Oh, the Lark of it all!
I thought it might be interesting to audition for my junior class play. My neighbor, Ed Howard, one of the most interesting folks knew at that time, was a frequent player at the Butler Play House and he had mentioned to me that drama allows you to live outside yourself. Sounded interesting to me!
The play was a Moss Hart comedy known to a generation of Turner Classic fans, “You Can’t Take It with You”. I read for a part and did a pretty bad job but I was no worse, I suppose, than others – or was it just that there were only so many readers and lots of parts. I “won” the role of Mr. Kirby and was pleased because many of my favorite classmates were in the cast as well.

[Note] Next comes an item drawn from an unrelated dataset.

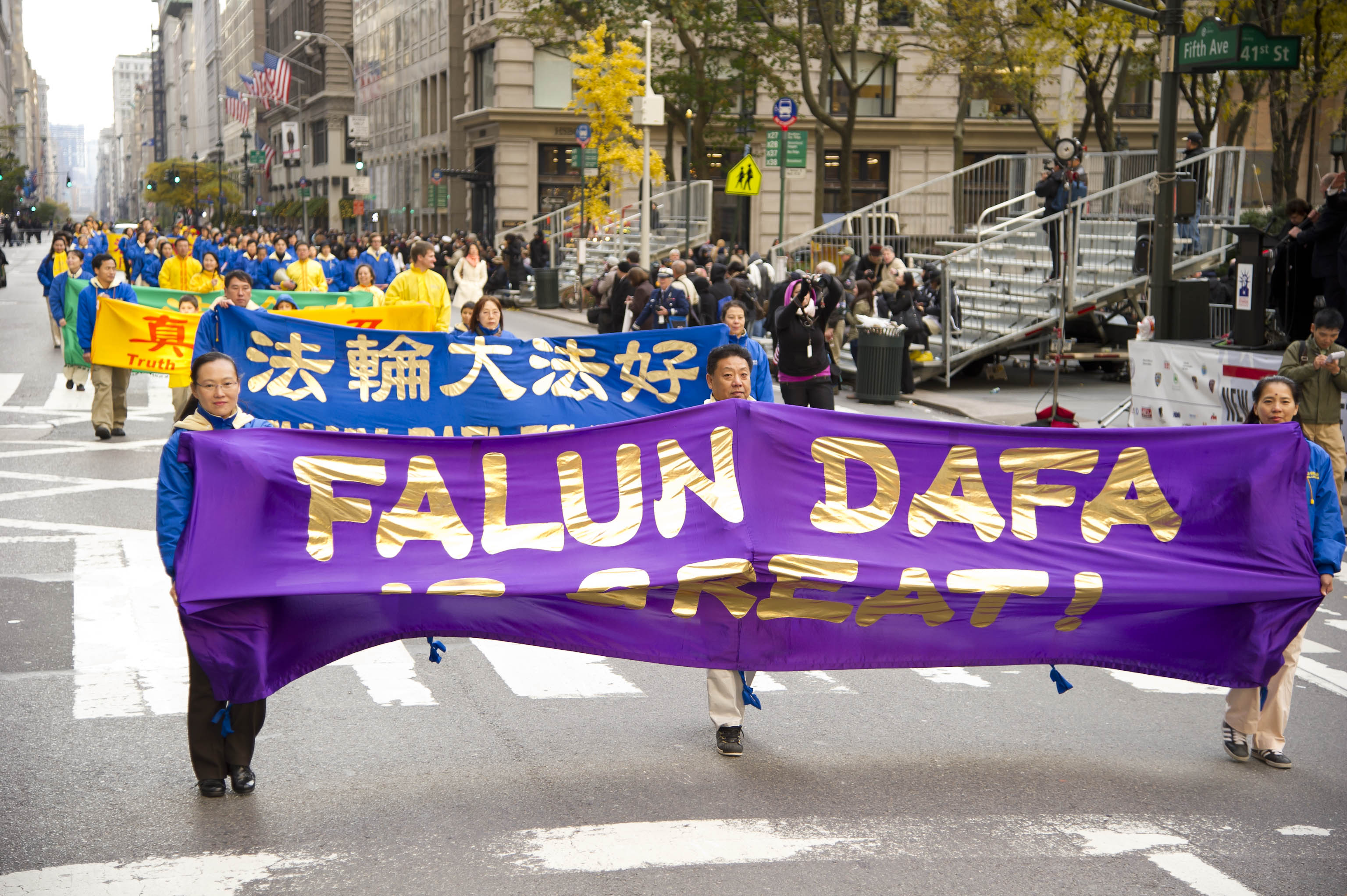 ![]() 法轮功学员参加纽约市老兵节游行 |

We had the usual drill of rehearsals, blocking studies, costume ideas and all the falderal that goes with such dramatic efforts. Our first performance was for the school during the regular day and we did an acceptable job. Bob and Buddy were hilarious as the guys who made fireworks in the basement. Larry portrayed “Ed” who “played” the xylophone while a taped recording of what might have been Lionel Hampton working at warp speed blared unrealistically from speakers in the ceiling. Louanna was perfect as an aspiring ballet dancer. I did get a laugh when wrestling with the ballet instructor Rascolincov, who was played by my debate partner George, tossed me to the stage floor. Mrs. Kirby reminisced about our honeymoon in Hot Springs, offering a double entendre that, despite Barbara’s great delivery, was lost on the young audience. After the curtain call we got a pat on the back from Mrs. Walters and prepared for the second performance the next evening which would allow our parents and other theater goers from Saxonburg to see our work.

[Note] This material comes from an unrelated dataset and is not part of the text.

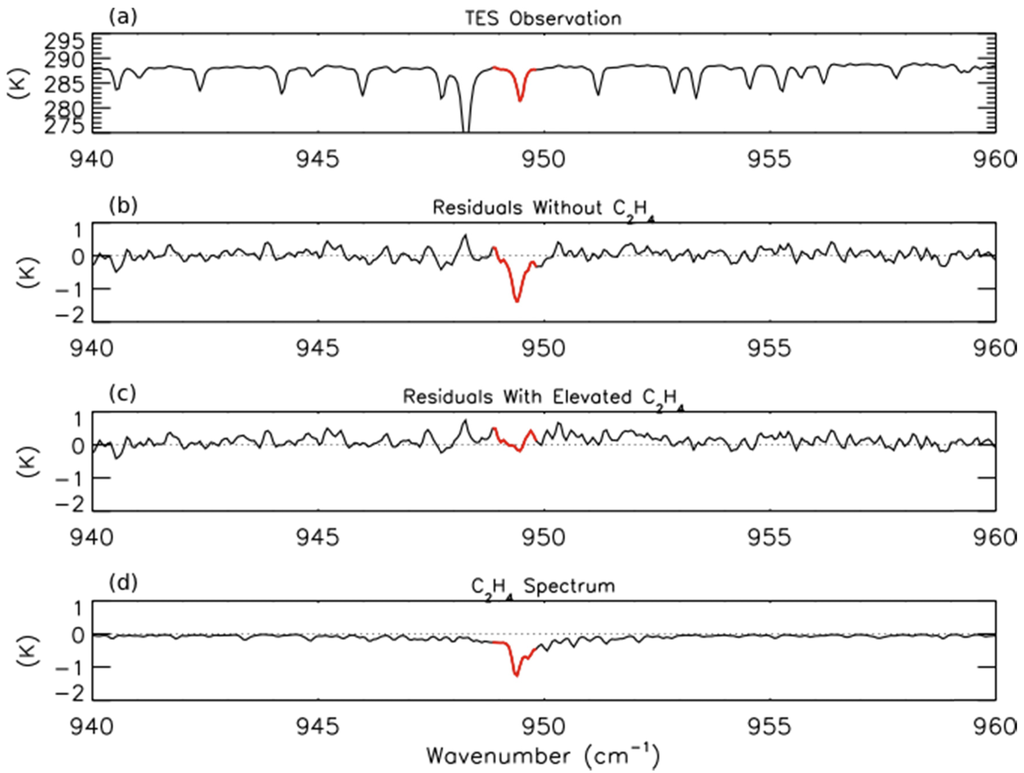 A similar procedure was used to detect C2H4 in TES spectra, with the addition that the surface emissivity, surface temperature, and NH3 profile were taken from the final results of the NH3 retrieval described in Section 2.2 above. The line parameters for C2H4 were taken from v1.4 of the TES spectroscopic line parameters.
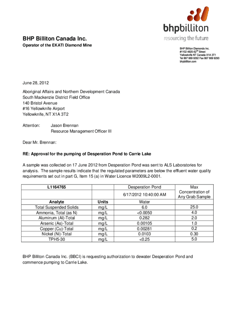 Get the free BHP Billiton Canada Inc. - Operator of the EKATI Diamond ...

All went well until into the third act, Dave Logan acting as “Grandpa” decided to inject, in the words of that popular icon of the day, Mary Poppins, “an element of fun.” He substituted the term “bouillon cube” for several nouns during his otherwise correct delivery. The heresy spread like typhoid and soon others joined in. The “joke” for some reason was hilarious to about half the cast and, like the SNL cast could do on occasion, we “lost it”. Others in the cast tried to hold the show on track. This was probably the tonic needed to drag us through to the closing prayer offered by “Grandpa” which contained several bouillon cube nouns. As we “prayed” around the table, we were stifling guffaws. The final curtain fell.
I am not sure the spirit of comedy was honored that evening but some of us in the cast sure had a good laugh. We did not do justice to Mrs. Walters, our faculty advisor, who was as wonderful a teacher as I ever had. I hope it caused her no pain or embarrassment. I can’t help thinking we might have ruined a great experience for my dear friend, Rita, the student director. Still, when having dinner 40 years later with the “ballet dancer” and her husband the “lighting supervisor” we were able to recall the entire thing with a good chuckle. “What WERE we thinking?”